Let’s take a look at Figure 3 in which values of “Calc Chrom Log D7.4” are plotted against “CMR”. This is what the authors of say about the figure in the text of Y2022:

The distribution of marketed oral drugs in terms of their lipophilicity and size, shows a remarkably similar distribution to the set of compounds designed by Kell as a representative set of natural products to investigate carrier mechanisms (Figure 3). (64) [To state “shows a remarkably similar distribution” is arm-waving given that there are methods for assessing the similarity of two distributions in an objective manner.]

As is the case for Figure 1a, what is written in the text about Figure 3 differs significantly from the caption for this figure:

Figure 3. Natural products are found across most size lipophilicity combinations, as exemplified in a representative set designed and compiled by O’Hagan and Kell (64) superimposed on the Chrom log D7.4 vs cmr training set of compounds with >30% bioavailability. (51) [It is unclear why this training set was restricted to compounds with >30% bioavailability.  The LDF is shown in this figure with “Limits of confidence” but the level of confidence to which these limits correspond is not given.]

The first criticism that I’ll make is that the authors of Y2022 have not actually demonstrated the relevance of chemical space specified by the axes of Figure 3 (this is the essence of the third of the four points that I raised at the start of the post and the same criticism can be made of Figure 4 and Figure 5).

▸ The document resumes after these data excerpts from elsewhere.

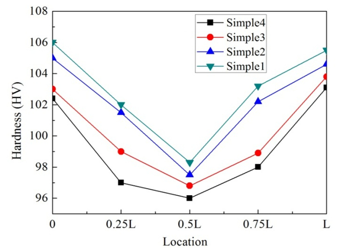 顯然金屬流動速度和動力粘度系數(shù)、液相體積分?jǐn)?shù)和壓力梯度有關(guān),在擠壓鑄造過程中擠壓力P遠(yuǎn)大于凝固收縮造成的負(fù)壓,由式(11)可以看出,外加壓力愈大, 則枝晶間液體流動速度加快,鑄件心部Cu的含量增大。 2.1.3 不同部位的硬度值 圖5為不同部位試樣由表面到心部硬度的變化曲線。可以看出,從試樣表面到心部,硬度值呈減小的趨勢。硬度(HV)由表面的102.5~106變?yōu)樾牟康?6~99。由于鑄件表面與模具壁接觸,冷卻速度增大,結(jié)晶完成所需要的時(shí)間短,溶質(zhì)再分配起到的作用很小,提高了合金的硬度,而心部形成的樹枝晶較為粗大,所以心部位置硬度相對較低。
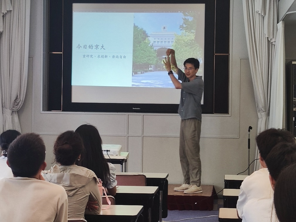 访学之旅的第一阶段,探访日本顶尖学府、“科学家的摇篮”——京都大学。接待者宝彦老师简要介绍了京大的背景及现状,并展望未来。同时对京都大学的“自律精神”、“自由学风”等方面进行细致的剖析与阐述,为访学团开启了一场充实而深刻的参观交流之旅。
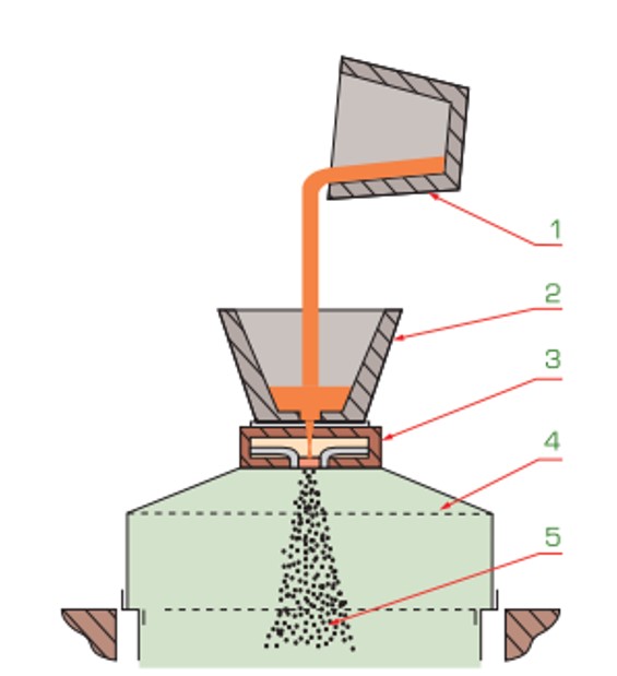 Rys.1 Schemat urządzenia do rozpylania metali: 1 – kadź, 2 –tygiel, 3 –dysza, 4 – komora rozpylania, 5 – proszek. Źródło: Dobrzański L.A., Materiały inżynierskie i projektowanie materiałowe – Podstawy nauki o materiałach i metaloznastwo, Wydawnictwa Naukowo-Techniczne, Warszawa, 2006 r.

The authors note, with some arm-waving, that cmr “largely correlates with MW” which does rather beg the question of why they consider this particular measure of molecular size to be superior to MW for this type of analysis. The authors claim that “the GSK model based on log D7.4 vs calculated molar refraction” (it is actually molar refractivity as opposed to molar refraction that was calculated) is a useful guide to predict oral exposure. I consider this claim to be extravagant because one would need to have access to the proprietary model for calculation of Chrom Log D7.4 in order to use the model. The proprietary nature of the GSK model means that predictions made using this model cannot credibly be presented as “evidence”.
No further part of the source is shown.